The case of the day is In re BMW (N.D. Ill. 2022). BMW was a defendant in German patent litigation brought by Arigna Technology Ltd., an Irish “patent assertion entity.” BMW came to Illinois to seek discovery from Magnetar, an investor in Arigna’s patent portfolio, seeking among other things communications regarding the patents. This may not be the most typical litigation funding arrangement, but if you have ever dealt with a funder, you know how careful you want to be to minimize the risk that any communications between you and the funder will be discoverable.

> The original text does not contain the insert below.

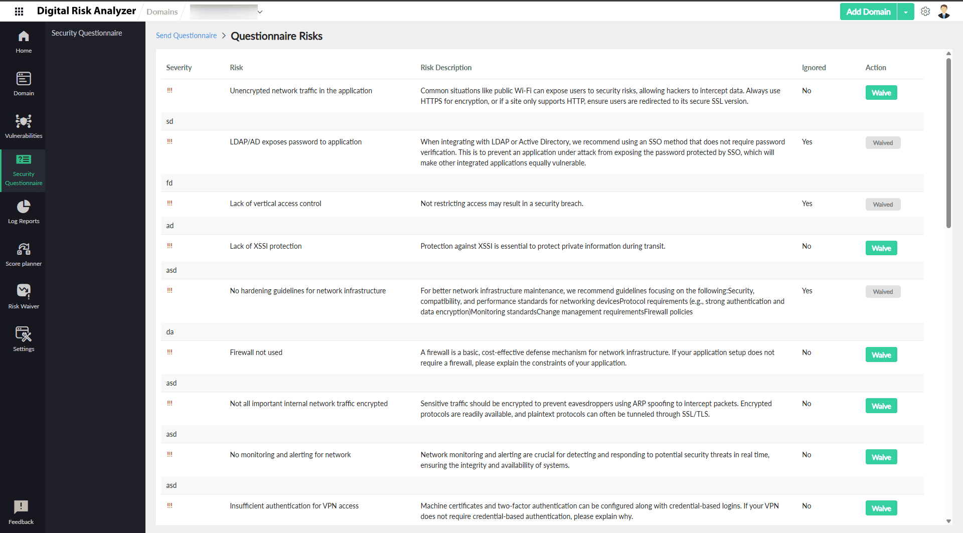 - From the Questionnaire Risks page, the user can analyze the vendor risk and comments and waive any risks using the Waive button.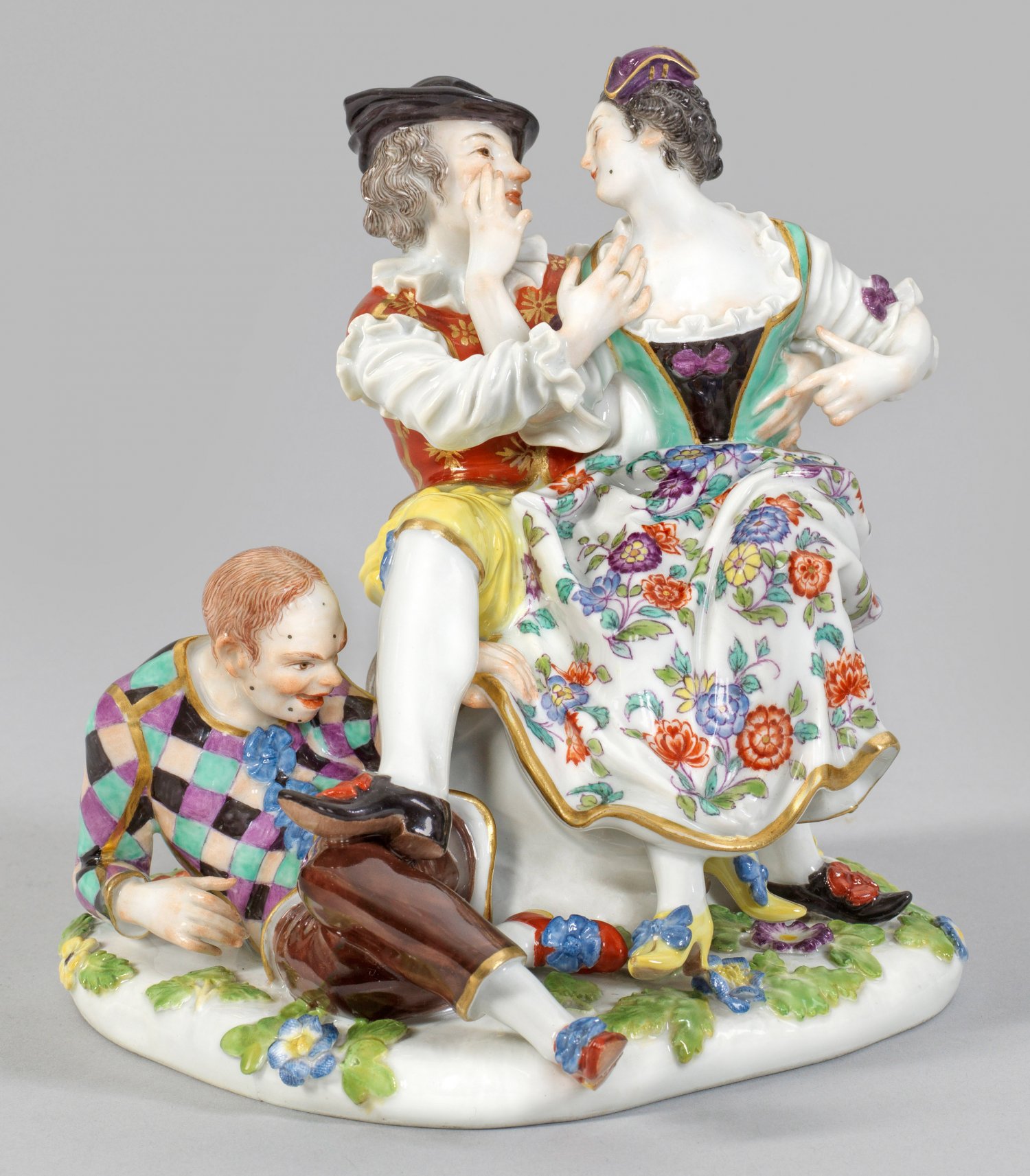 "Der indiskrete Harlekin". Originaltitel Auf unregelmäßigem, mit plastischen Blüten und Blättern belegtem Sockel sitzendes, innig einander zugewandtes Liebespaar. Zu ihren Füßen liegender Harlekin im Kostüm, einen Blick unter den Rock der Dame werfend. Polychrome Malerei mit Goldstaffage. Entw. Johann Joachim Kaendler. Modell-Nr. 344. Schwertermarke. H. 16 cm.

American courts have begun to develop approaches to discovery concerning litigation funding agreements and communications with funders. In domestic litigation, courts tend to say, for example, that such material is often not discoverable because it is not relevant to any party’s claims or defenses. They tend to say that such material is not protected by the attorney-client privilege but that it may be protected by the work-product rule. But some of these ideas have to be modified in the 1782 context. In today’s case, for example, the court didn’t consider whether the information sought would be relevant in a US lawsuit, but instead, whether it would be useful in the German lawsuit, i.e., whether it would be relevant under German law to damages, as BMW argued. The court, unsurprisingly, granted the ex parte application, noting that it would be open to Magnetar and to Arigna to seek to quash the subpoena later. It reasoned that BMW had made at least an arguable case for relevance and on the Intel factors.
I can imagine that 1782 cases aimed at US-based funders will send shivers down the spines of litigants in Europe and elsewhere. But even if the funder is not in the US, I think there is still reason for litigants to be concerned. A party that brings a Section 1782 petition may be subject to reciprocal discovery, which in principle could include discovery concerning the litigant’s funding arrangement wherever the funder is located. I don’t know of cases where anyone has obtained such reciprocal discovery concerning litigation funding, but surely someone tried or will try.
By the way, the beginning of today’s decision is worth reading on a different issue altogether. Parties typically tell courts that 1782 applications are routinely granted. And yet the briefing in Section 1782 cases has, maybe inevitably, become more and more elaborate, with multiple declarations, foreign legal authorities, and lengthy briefs. It’s worth at least considering whether it’s smart to say that the issues for the court are simple when you are filing elaborate and complicated papers.